Exactly. I'm lucky she even still speaks to me. "I wish that I could take it all back, Steph. Every thoughtless comment, every bullshit excuse, but I can't. All I can do is admit to you I was wrong and say that I'm sorry and stand here in the light of my mistakes and openly ask you to forgive them, to forgive me."

Her eyes widened and her mouth dropped open in shock. She probably didn't know I was capable of apologizing for anything. "Wow," she finally breathed. "And me getting dropped in the river made you have this…revelation?"

"It was certainly the catalyst, yeah."

"Damn," she said. "If I'd know that was all it would take I would have hurled myself off that bridge years ago."

I grinned down at her. "I've wasted a lot of time. I'm sorry."

"Yeah," she agreed with her own smile and the bit the corner of her lip, the grin turning into a frown. "I won't lie and tell you I haven't wanted you to say those things to me for a very long time, but I've never let myself hope there could ever be anything between us but friendship, so this is a lot to digest. I…I'm gonna need some time. Is that okay?"

I wanted to say no and demand that she pack up her apartment and move in with me immediately so we could start our life together but I'm not an idiot, well not that big of an idiot. I knew she'd need time to adjust and she'd want to have a conversation with Morelli before she made any kind of decision. I wouldn't tell her about the talk he and I had – that was between us.

"Of course it is. I'm going to go take care of a few things and get an update on the hunt for your kidnappers. The police want you to go in and give your statement – can I come by later and take you to the station?"

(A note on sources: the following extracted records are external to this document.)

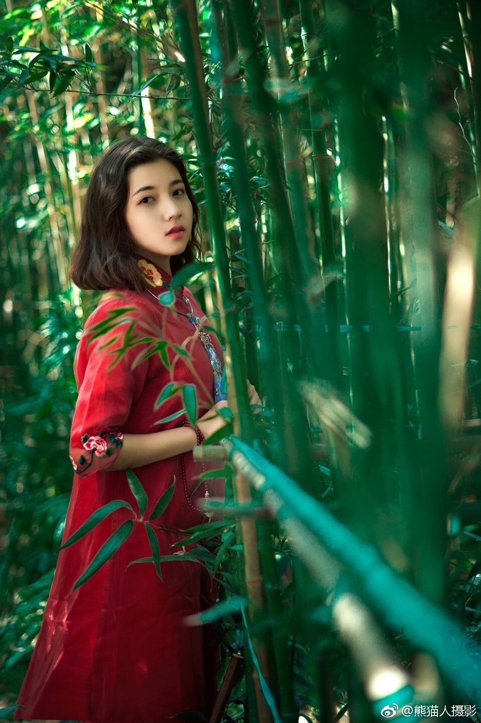 港风清纯美女蓝色长裙复古魅力艺术图片
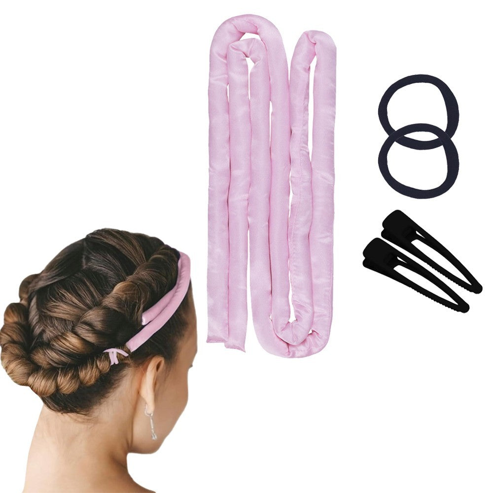 1.6M Heatless Hair Curling Rod Set Long Hair No Heat Curls Headband - Pink
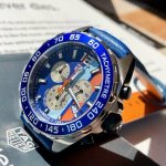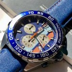 新款高颜值!Tagheuer 泰格豪雅F1系列Gulf特别版石英男士腕表 原单货!六针计时带日历!瑞士原装石英机芯!真皮表带表壳,蓝宝石玻璃!专柜售价一万多!~43Mm表径!配专柜全套包装!

"I'd like that," she said with a small smile.

I leaned over her, placing a soft kiss on her forehead, and left her with a gentle reminder. "I meant every word, Steph."

I grabbed my wet clothes from the bathroom and stuffed them into my bag before heading out. I had the door open and a foot over the threshold when her voice brought me back inside.

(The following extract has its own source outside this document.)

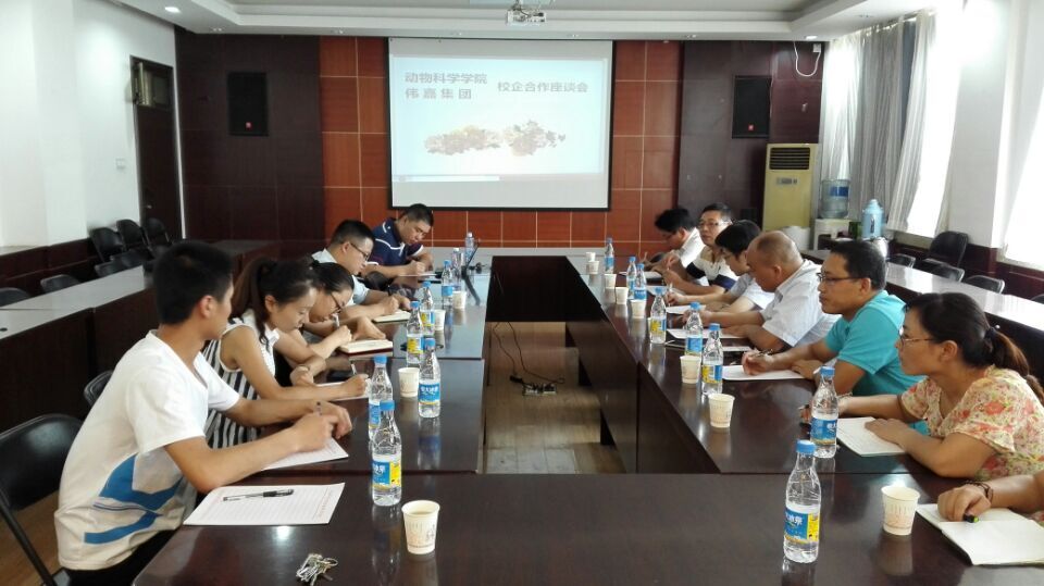 伟嘉集团人力总监齐立军先生详细介绍了伟嘉集团的发展历史、现状和发展规划,并着重阐述了公司在互联网+时代的人才发展新战略以及新“伟嘉班”的设立构想。集团禽料产品线总监夏伟新先生介绍了集团的用人理念、研发理念和服务理念。与会双方本着互利共赢的原则就学校教育与企业培训的有机结合进行了深入和广泛的探讨。双方一致认为新“伟嘉班”的重建和完善是伟嘉集团与动科太阳城线上

"I don't need time, Ranger."

I turned and found her standing a foot away, her hair a wild mess around her shoulders and tears shining in her eyes. She'd never looked more beautiful.

"I love you," she whispered and I dropped my bag and pulled her into my arms so I could kiss her like I'd been dying to since I dragged her out of the river. When I finally and reluctantly separated our tongues and lips, I said, "Come stay with me, Babe. At least until we get this mess sorted out."

"Okay," she agreed with a nod. "But…I need to talk to Joe first."

"I know." I would expect nothing less from her. I tucked her hair behind her ear and pressed my lips to her temple. "Call me when you're ready."

"I will," she promised and I left feeling hopeful. And happy. Happier than I ever thought possible.